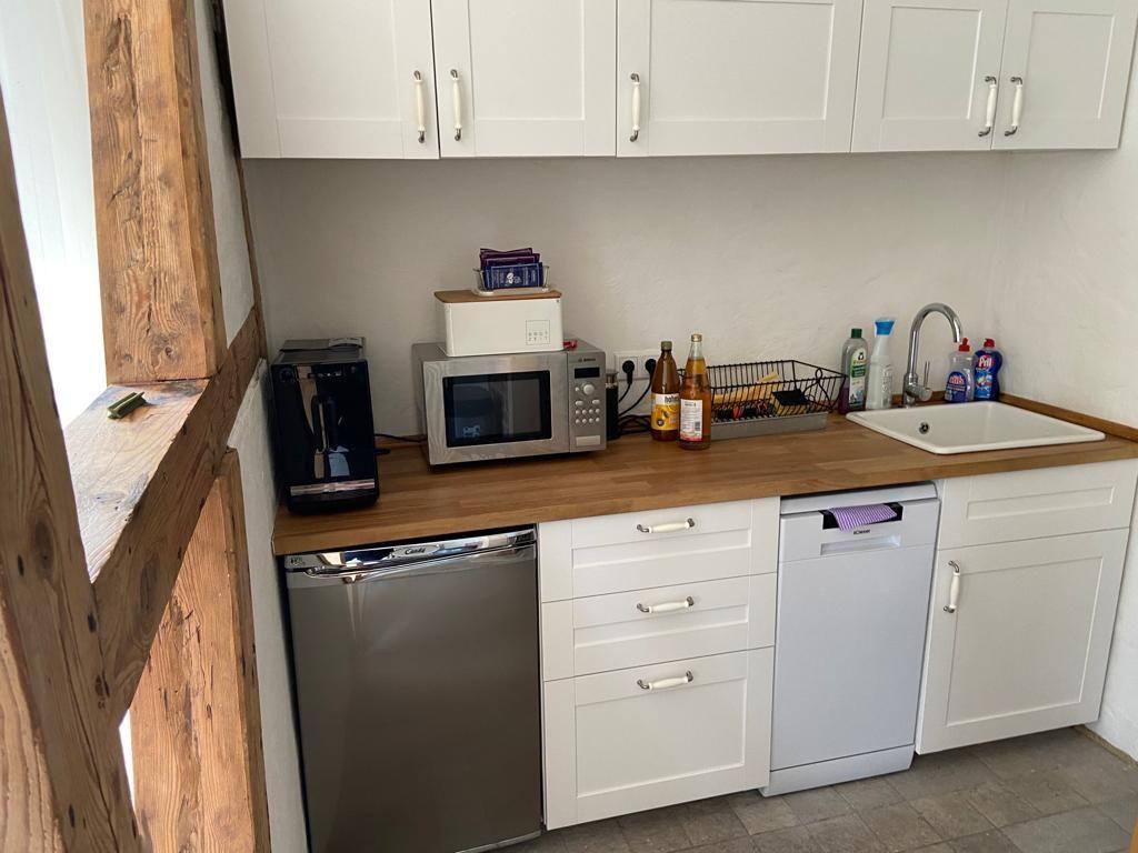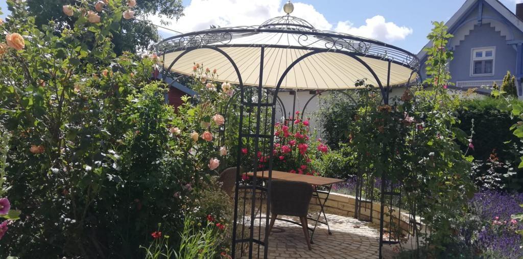 Im Erdgeschoss erwartet Sie ein behaglicher Wohnbereich mit Kaminofen, Sat-TV und Schlafsofa, der zum Verweilen und Entspannen einlädt. Direkt an das Wohnzimmer grenzt der Essbereich mit offener, voll ausgestatteter Küche. Von hier aus gelangen Sie hinaus in den herrlich angelegten, kleinen Garten, der mit bunten Blumen, duftenden Sträuchern und einem romantischen Pavillon ein kleines Naturparadies darstellt. Hier können Sie Ihre Mahlzeiten geschützt unter freiem Himmel genießen und den Tag in Ruhe ausklingen lassen.
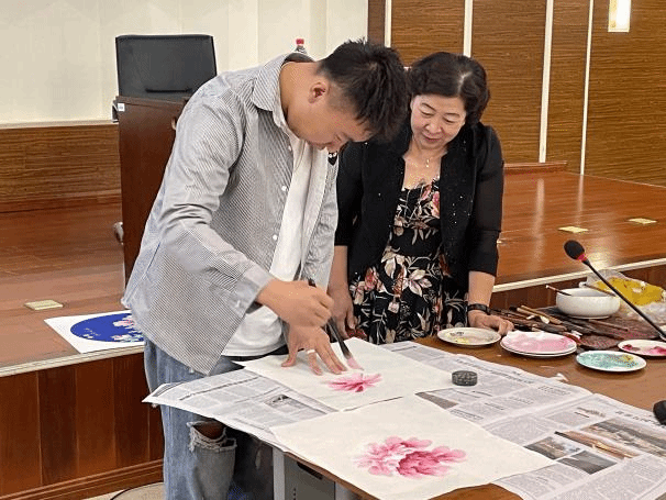冯老师结合自己多年的艺术经验,给同学们讲述画画具备的几个条件:一是要喜欢;二是要眼巧心细;三是要手勤快;四是要大胆落笔,细心收拾。接着,从构图的辨证关系,色彩调配,牡丹的画法三方面介绍了如何画好写意牡丹。理论讲解过后,冯老师现场亲自为师生作画,几笔就已勾勒出牡丹之态,接着以娴熟的技巧赋予了牡丹独特的灵性与芬芳,实乃国色天香。冯老师完成作品后,引导在场学生上台体验现场作画,冯老师在旁耐心指导,同学们在互动中领略到传统文化精髓。
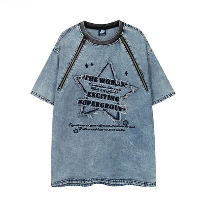 𝕃oose 𝔽it ☞𝟤𝟢𝟤𝟧 ☜美式做舊水洗拉鍊設計圓領男女中性 T-Shirt寬版上衣 G-727
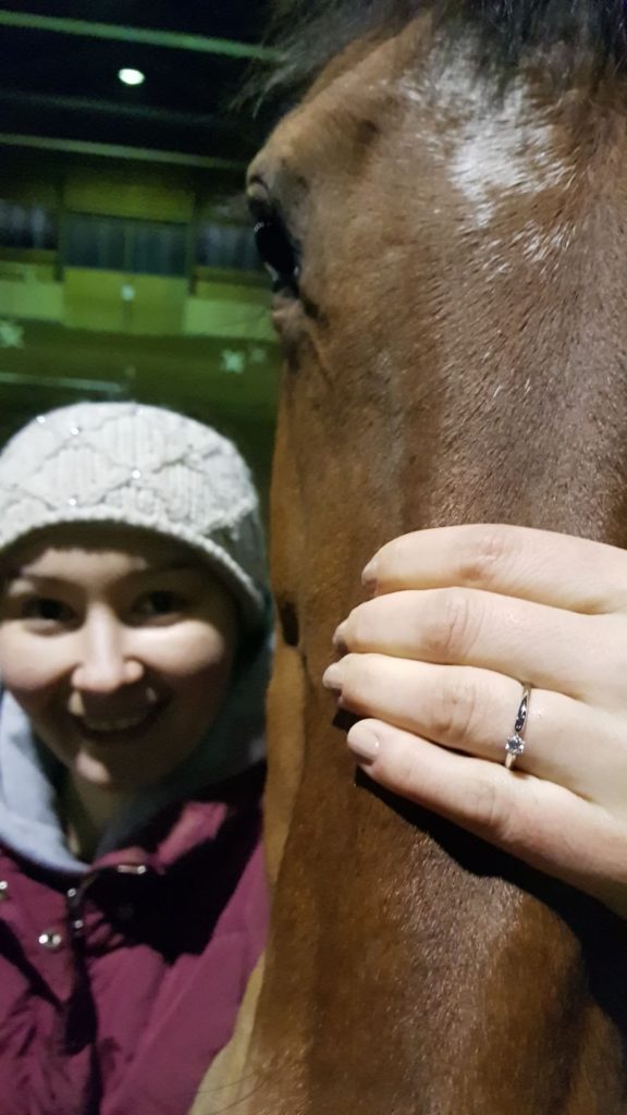 Als wir dann im Stall waren, war es schon relativ spät und da niemand mehr im Stall war, haben wir beschlossen Kendy und Rocky in der Halle ein paar Runden spielen zu lassen. Während Kendy und Rocky miteinander tobten und ich sie dabei beobachtete, meinte Markus plötzlich: "Das wäre dann wohl der richtige Augenblick." Ich drehte mich um und antwortete: "Augenblick für was?" ... und dann passierte es. Wie im Film kniete Markus hin, holte einen Ring aus der Hosentasche und fragte, ob ich ihn heiraten wollte. Völlig von den Socken und peinlich berührt (immerhin war ich nur im Schlabberlook mit zerzausten Haaren im Stall) antwortete ich natürlich mit einem JA.
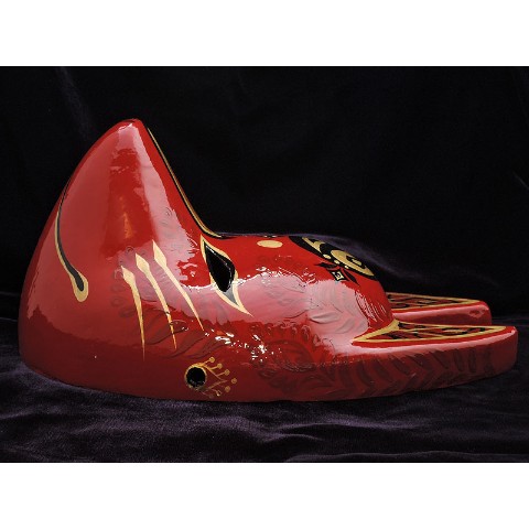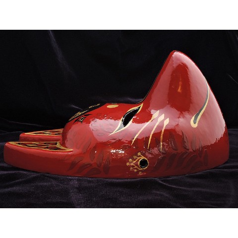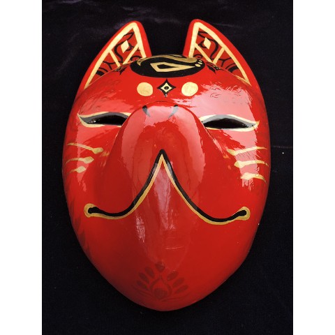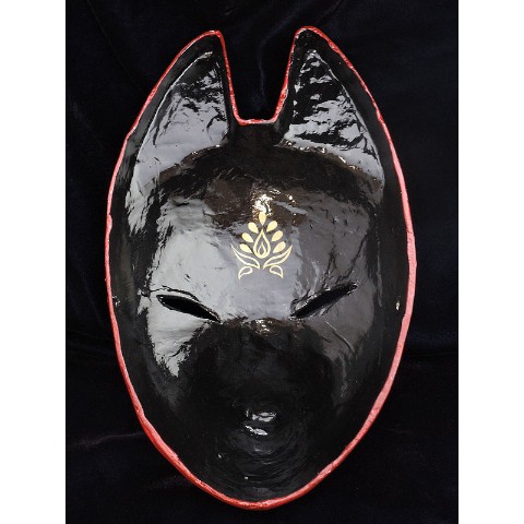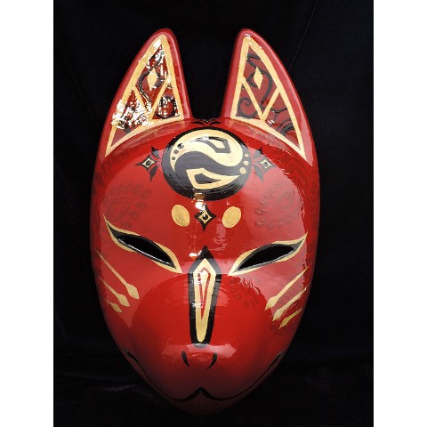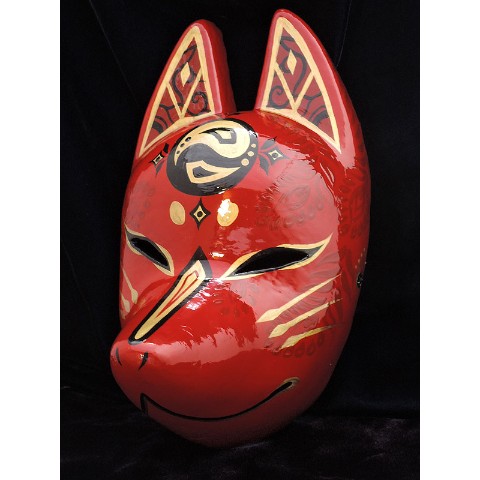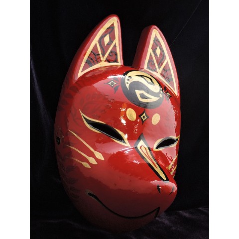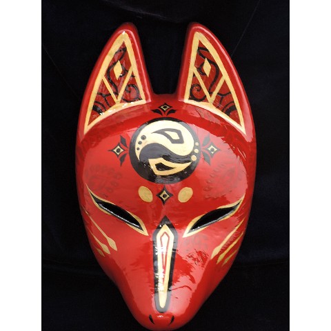 紅い地色に黒、金で彩られ、額に浮かぶのは陰陽太極図。鳳凰をイメージしてデザインされたこの狐面の特徴は、鳳凰の羽根がうっすらと浮かび上がるように描かれていること。

+---+

Your assignment - The data above should be returned in full, exactly as written, apart from its images.

Response area -
 Im Erdgeschoss erwartet Sie ein behaglicher Wohnbereich mit Kaminofen, Sat-TV und Schlafsofa, der zum Verweilen und Entspannen einlädt. Direkt an das Wohnzimmer grenzt der Essbereich mit offener, voll ausgestatteter Küche. Von hier aus gelangen Sie hinaus in den herrlich angelegten, kleinen Garten, der mit bunten Blumen, duftenden Sträuchern und einem romantischen Pavillon ein kleines Naturparadies darstellt. Hier können Sie Ihre Mahlzeiten geschützt unter freiem Himmel genießen und den Tag in Ruhe ausklingen lassen.
冯老师结合自己多年的艺术经验,给同学们讲述画画具备的几个条件:一是要喜欢;二是要眼巧心细;三是要手勤快;四是要大胆落笔,细心收拾。接着,从构图的辨证关系,色彩调配,牡丹的画法三方面介绍了如何画好写意牡丹。理论讲解过后,冯老师现场亲自为师生作画,几笔就已勾勒出牡丹之态,接着以娴熟的技巧赋予了牡丹独特的灵性与芬芳,实乃国色天香。冯老师完成作品后,引导在场学生上台体验现场作画,冯老师在旁耐心指导,同学们在互动中领略到传统文化精髓。
 𝕃oose 𝔽it ☞𝟤𝟢𝟤𝟧 ☜美式做舊水洗拉鍊設計圓領男女中性 T-Shirt寬版上衣 G-727
 Als wir dann im Stall waren, war es schon relativ spät und da niemand mehr im Stall war, haben wir beschlossen Kendy und Rocky in der Halle ein paar Runden spielen zu lassen. Während Kendy und Rocky miteinander tobten und ich sie dabei beobachtete, meinte Markus plötzlich: "Das wäre dann wohl der richtige Augenblick." Ich drehte mich um und antwortete: "Augenblick für was?" ... und dann passierte es. Wie im Film kniete Markus hin, holte einen Ring aus der Hosentasche und fragte, ob ich ihn heiraten wollte. Völlig von den Socken und peinlich berührt (immerhin war ich nur im Schlabberlook mit zerzausten Haaren im Stall) antwortete ich natürlich mit einem JA.
 紅い地色に黒、金で彩られ、額に浮かぶのは陰陽太極図。鳳凰をイメージしてデザインされたこの狐面の特徴は、鳳凰の羽根がうっすらと浮かび上がるように描かれていること。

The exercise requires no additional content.